Где было взять мне сто процентов уверенности? Тем более, сто с лишним. С тем самым лишним, что необходимо для успеха.
Каким кошмаром могло предстать
Скрипела лопата. Сыпался песок. Сбивалось натужное дыхание гробокопателя.
Солнце остывало у горизонта. Черные деревья, могильные кресты все плотней обступали нас. Мрачно придвигалась стена надгробий. Казалось, вот эффектный финал: у могилы загубленной кинолюбви задавлен будет бедолага. Он раскаялся слишком поздно и должен быть сброшен рукой
Старый Михалыч продолжал выбрасывать из ямы жирные комья кладбищенской земли. Он уже докопался до песочка. А надгробия все не могли окончательно слиться в сплошную стену.
Впрочем, это слишком красивая развязка: угадывается традиция, отдает немецким затхлым романтизмом. Быть похороненным с любимой в одной могиле, о таком приговоре нынешний литературный герой не может и мечтать — ему в голову не придет. Автор-прагматик (даже раскаиваясь) все равно предпочтет облегченный вариант наказания. А если и применяется к персонажу высшая мера, не смерти он боится, а умирания. Мечтает: ах, если бы уснуть и не проснуться, как просто! Ему не важно, что в том сне приснится, когда покров земного чувства снят.

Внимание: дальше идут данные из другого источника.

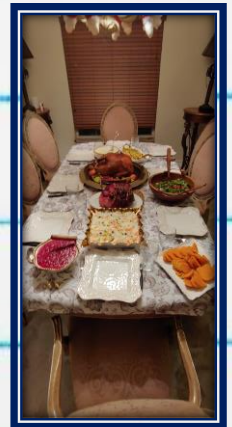
Brazilian/American Thanksgiving dinner
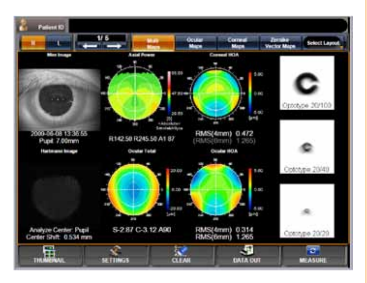
Figure 2: Results captured by the KR-1W are presented visually as maps, allowing the doctor to easily identify the cause of a patient's visual complaints.

I started using the KR-1W approximately 3 years ago, with the aim of evaluating how helpful such a system would be in the pre- and postoperative management of cataract surgery patients. This idea arose from my awareness that three key surgical steps – pupillometry, IOL selection, and IOL implantation – are all supported by the capabilities of the KR-1W. Specifically, the system permits the measurement of the types of aberration – higher order aberration (HOA) – that cannot be corrected by IOL implantation. Corneal asphericity and astigmatism are also measurable with the system. Doing so at a preoperative stage allows the physician to ascertain the amount of correction and asphericity required from any toric IOL proposed for astigmatism correction and for the correct IOL power to be selected before implantation. It also helps to identify and rule out candidates who are unsuitable for multifocal IOL implantation by nature of very high levels of astigmatism.
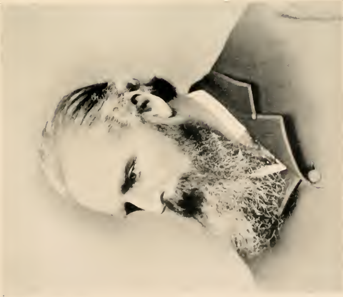
CANON H. B. TRISTRAM, F.R.S.
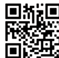
Member Referral Form

Membership referrals are a great way to support a DU chapter. If you know incoming or current unaffiliated students on a campus with a DU chapter, complete our Member Referral Form. DU staff will connect referrals to the appropriate chapter and may reach out to the student.
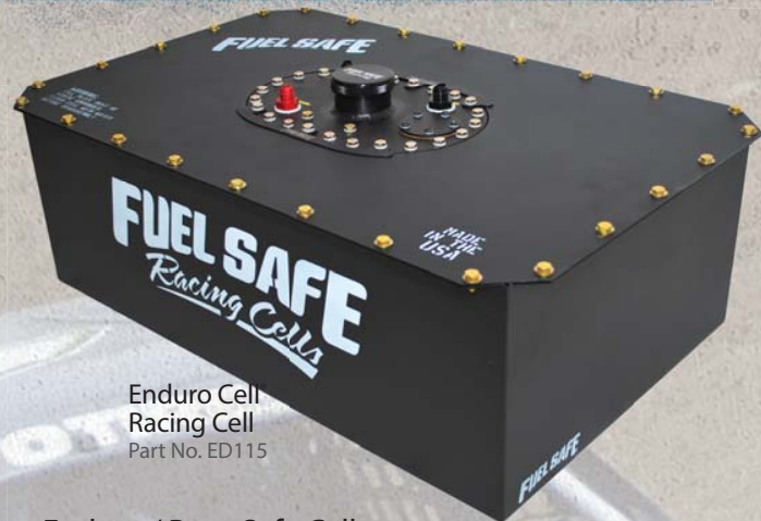
Enduro Cell Racing Cell Part No. ED115
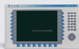
HMIs & Electronic Controls

Process Pump Repair – We have several facilities available to service and repair your pump and related equipment. Our repair operations are fully equipped with machinery capable of handling every step of the process, including: Complete Refurbish and Reconditioning, Machining & Welding, Dynamic Balancing, Fabrication & Assembly, Pump and Motor Alignment, Part Reproduction for Damaged or Obsolete Part Replacement
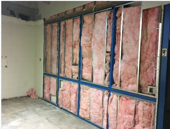
Renovation in wall
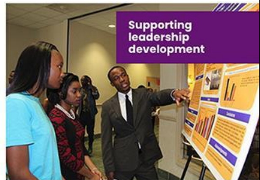
Supporting leadership development
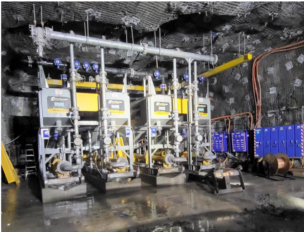
Figure 3 – Fully commissioned primary pumping station underground at Abra (Photo 23 June 2023).
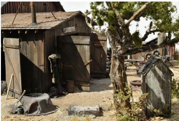
The weathering is superb
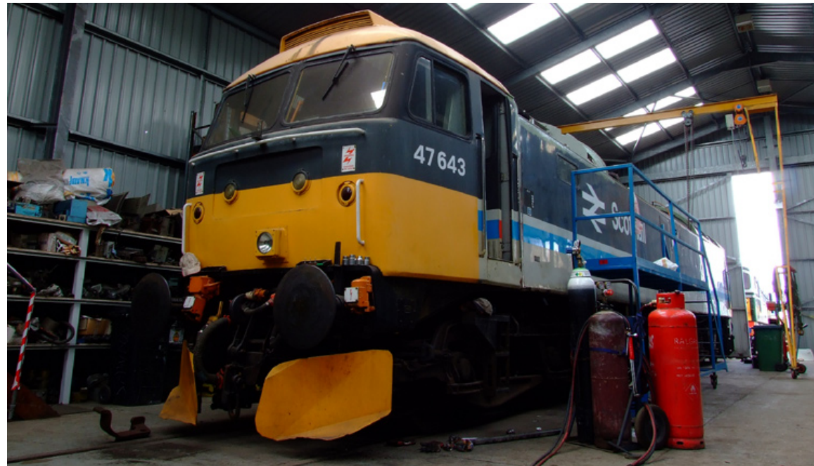
Above: Class 47643 is seen sitting inside the diesel locomotive maintenance shed at Bo’ness receiving roof attention on the 26th June.

It is expected to leave in early August, so “kiss me quick” while the admiral is on the bridge!

Нет, подобное возмездие наивно. Не казнь, а уступка дилетанту. Я понимал: в заплечном деле сам поднаторел. И потому боялся, что, если, услышав мои сомнения, автор или над ним стоящий мазохист бесплотный, — кто-то из них пожелает закрепить в структуре прозы образ загубленной девы, возьмет и приподнимет крышку гроба: а под ней бледно плесеневое лицо, зеленая струйка жижи сочится из безгубого рта. Что, если…
Нет!
Наверное, в обыденных условиях, в человеческом горе, было бы нетривиально от подобных сомнений сойти с ума. Но в литературном тексте, подчиненном закону единства времени, действия и места, в той форме жизни, которой является поэзия, сумасшествие больше не выход и не ход, а, увы, заигранный трюк. Бессмысленно гадать, что по сути дела есть с ума сошествие, а что уловка: художественное вскрытие, преломление подспудных процессов психики. Разве будет замечена болезнь, разве не посчитают сдвиг в сознании героя за литературный прием, когда сместился лик самой действительности, и мир оказался с мозгами набекрень, когда спускаются с экрана кинолюбимые, чтобы утешить (создателя? читателя? персонажа?), и говорят лишь «да», а кошки бегают по улицам, снуют под колесами автобусов и сапогами гренадеров, впрыгивают с тротуаров в окна верхних этажей, когда ночи солнечные только потому, что сочетание «ч» и «н» завораживает скользящую по бумаге руку, — сладострастие ассонансов, наркота аллитераций диктуют руке возвращение опять и опять, и опять выписывают ею на листе, повторяют знакомые знаки. Здравому смыслу вопреки.
Но тогда (и только тогда!) в семантическом всплеске словес возникает, прорастает и выбивается на свет из природы созвучий, из пресловутого зернышка, росток подлинного смысла.
Однако от смысла событий мы отдалились, разминулись с сюжетом: толкает смятенную мысль страх перед гробом, уводит в путанные рассуждения, — о чем угодно, только бы не о деле. Но пора.
Пора мне могилу вскрывать. Пора семантическому коту прыгать вниз. Пусть с подоконника ирреально и медленно он соскользнет прямо к сапогам стоящего на посту гренадера. При этом, когда лапки передние когтями заскребут асфальт, задние лапки еще не отпустят рассохшуюся доску подоконника. Расстояние от четвертого этажа нормального питерского дома до тротуара не уменьшится, а длина кошачьего тела (ох, простите неотвратимые критики, но…), длина, она нисколько не удлинится. Потрется мой кот о солдатский сапог и скользнет, благополучно минуя колеса автобуса, на противоположную сторону, где давно, словно хитрый дворник с мешком, поджидает его злодей редактор, чтобы… Бедный кот!